23 February 2012

91-year old on fixed income loses his house because he can't read

Matter of City of Rochester (Duvall), 2012 NY Slip Op 01315 [4th Dept 2012]

When 91-year old Michael Duvall failed to pay his city taxes, the City of Rochester decided to foreclose on the house Mr. Duvall had lived in since 1964 and sell the house at auction. The amount of taxes owed was a "very small percentage" of the market value of the house.

The City was required to give notice to Mr. Duvall of its intent to take his home. The City sent the required notice by regular mail to Mr. Duvall's address.

One problem: Mr. Duvall is illiterate. One other problem: the City knew that Mr. Duvall was illiterate, and therefore would not be able to read the notices that the City sent.*

Mr. Duvall did not respond to the notice of foreclosure, and the house was sold. To the City.

Unaware that his house had been sold out from under him, Mr. Duvall continued to live at the residence until a process server showed up at his door with a notice to quit.** Mr. Duvall had the process server read the notice to him, and for the first time learned that his house had been sold based on unpaid taxes. Mr. Duvall had his attorney contact the City and offer to pay the back taxes to stay in the home, but was told it was too late to undo the foreclosure.
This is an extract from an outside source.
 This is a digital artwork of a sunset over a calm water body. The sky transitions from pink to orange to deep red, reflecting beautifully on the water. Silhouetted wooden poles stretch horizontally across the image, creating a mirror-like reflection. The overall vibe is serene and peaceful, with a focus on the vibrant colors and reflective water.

Mr. Duvall appealed to the Fourth Department, arguing that because the City knew Mr. Duvall was illiterate, simply sending a notice to his home by regular mail was not reasonably likely to give him notice of the impending loss of his house, and therefore violated his due process rights. The Fourth Department upheld the foreclosure, finding that it "was reasonable for [the City] to believe that petitioner had someone read his mail to him" and that requiring a municipality to "provide notice other than by ordinary mail to persons it knows to be illiterate, or who it knows cannot read English, would place an unreasonable burden on the municipality."
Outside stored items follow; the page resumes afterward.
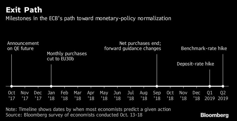 Economists don’t expect any change to the forward guidance that interest rates will remain unchanged until “well past” the end of net asset purchases. They foresee a rate hike, which would be the first under Draghi’s presidency, only in the first half of 2019 at the earliest.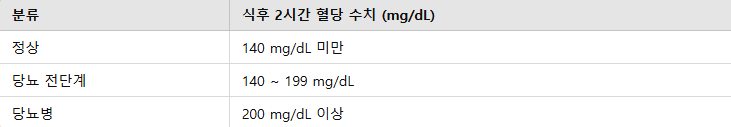 - 식사 2시간 후: 160 mg/dL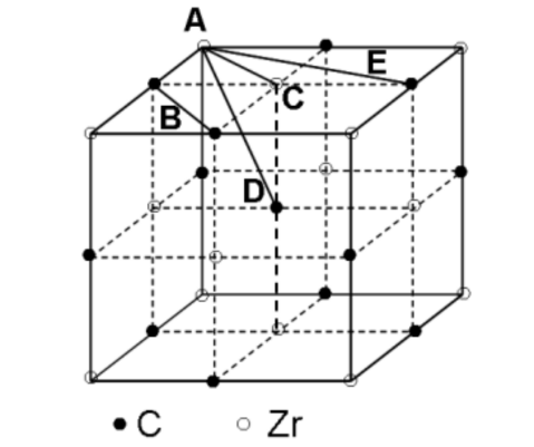 下圖是ZrC的晶體結(jié)構(gòu)(面心立方晶體結(jié)構(gòu)),Zr原子組成立方晶格,C原子位于晶格的八面體間隙位置。在碳-鋯化學(xué)反應(yīng)系統(tǒng)中存在很寬范圍的非化學(xué)計(jì)量現(xiàn)象,即ZrCx(0.5≤x≤1)。因此碳化鋯(ZrC)是一種非化學(xué)計(jì)量間隙化合物,ZrC陶瓷材料中普遍存在著碳空位。

Justices Fahey and Sconiers dissented, noting that the City could not have possibly believed that a simple letter would be enough to inform the "elderly, illiterate petitioner that his house was in foreclosure," and that the lower court should have exercised its wide discretion and allowed Mr. Duvall to stay in his house. The dissenters concluded, "it is not our responsibility to prescribe the form of notice to be provided to petitioner, [but] we are confident that there were reasonable steps respondent could have taken to inform petitioner of his tax delinquency."***



* This whole situation could have been avoided if the City of Rochester would just use Howlers for all official notices.
**A notice to get out, basically.
***I think we all know what "reasonable steps" the Justices would recommend. See asterick 1, supra.